Now, if you are wondering what my specific project was about, you can read about it here: the basic idea is to get a picture of (in)consistency in cell migration literature nomenclature, to build a set of minimal reporting requirements for the community.

So, I have started using more and more the ContentMine pipeline, and, as most of the other fellows, I have encountered a few problems here and there, and the team has been of a fantastic support to fix these issues. I have used the getpapers command so much that I can now run both basic and more advanced queries basically with my eyes closed (or a das keyboard ;)).

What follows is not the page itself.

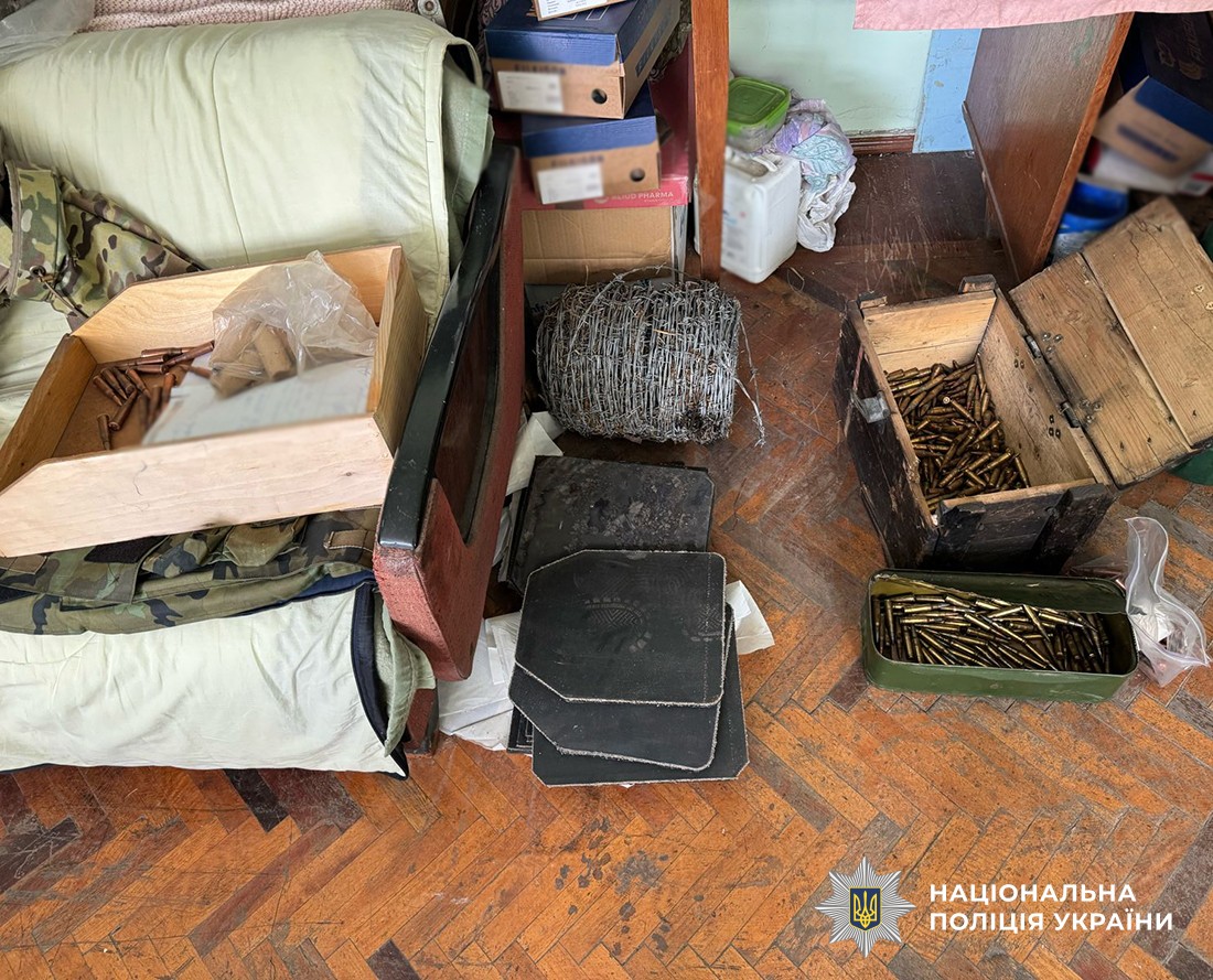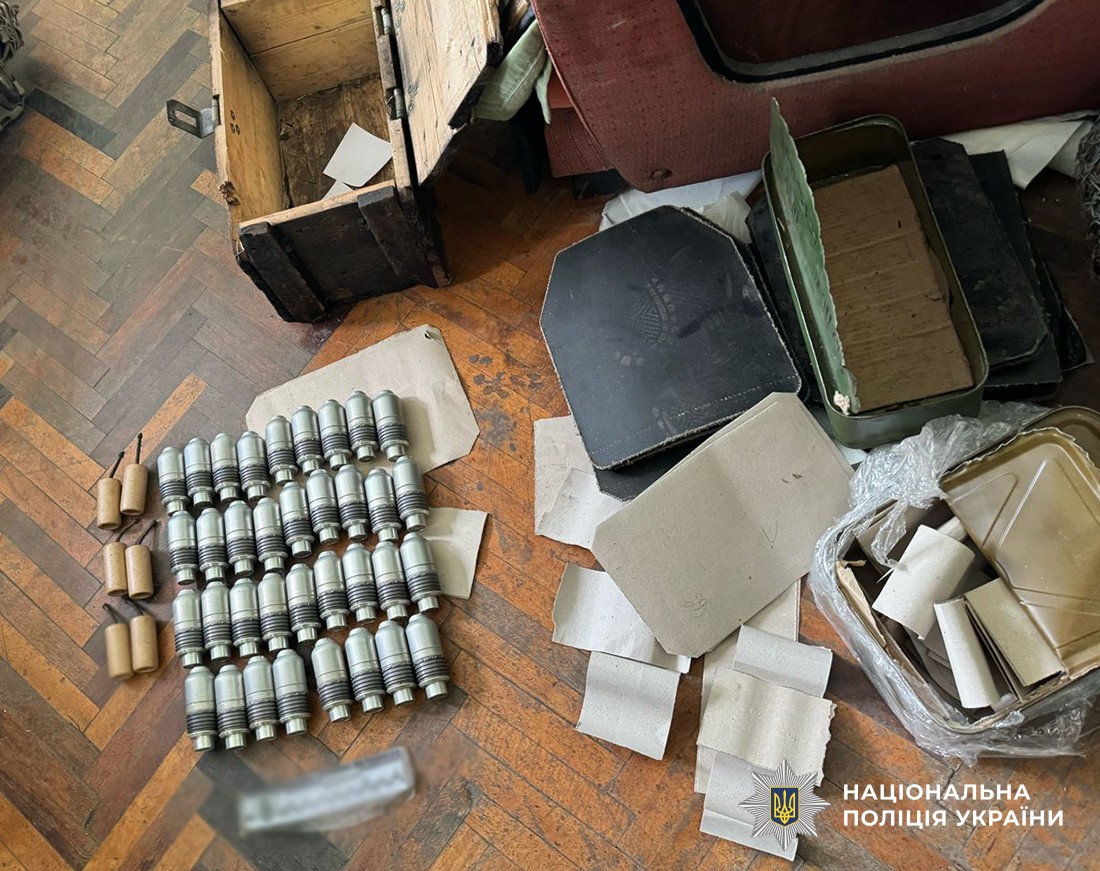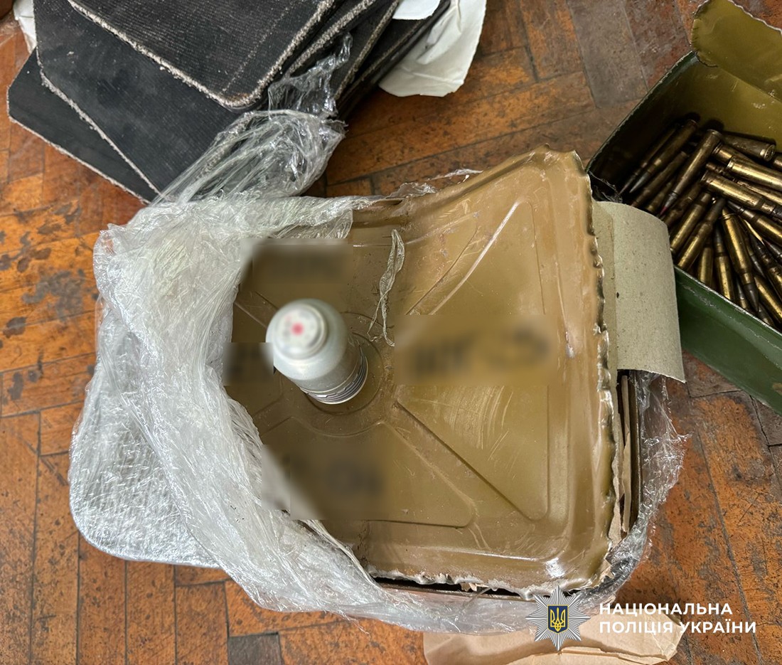 Також чоловік влаштував «схрон» у гаражному кооперативі: там поліцейські знайшли ще майже 1,9 тисячі набоїв до стрілецької вогнепальної зброї калібру 5,45 та 7,62 мм, реактивний піхотний вогнемет та протитанкову гранату, понад 20 наступальних та оборонних ручних гранат, сім пострілів ВОГ різного калібру. Ще 54 патрони калібру 5,45 мм він зберігав у власному автомобілі «Opel Vivaro».

For now, I have only used the default eupmc API, and, given a lot of papers available, I have decided to narrow down my search downloading papers published between 2000 and 2016, describing in vitro cell migration studies.

This results into a search space of about 700 open access papers.

Having the full XML text, I have then used norma to normalize this and obtain scholarly html files. First thing I wanted to check is the word frequencies, to get a rough idea of which words are used mostly, and in which sections of the papers. The ami-2word plugin seemed to be just perfect for this! However, when running the plugin with a stop-words file (a file containing some words that I would like to be ignored during the analysis, like the ones listed here), the file seems to get ignored (most likely because it cannot be parsed by the plugin). You can find this file here.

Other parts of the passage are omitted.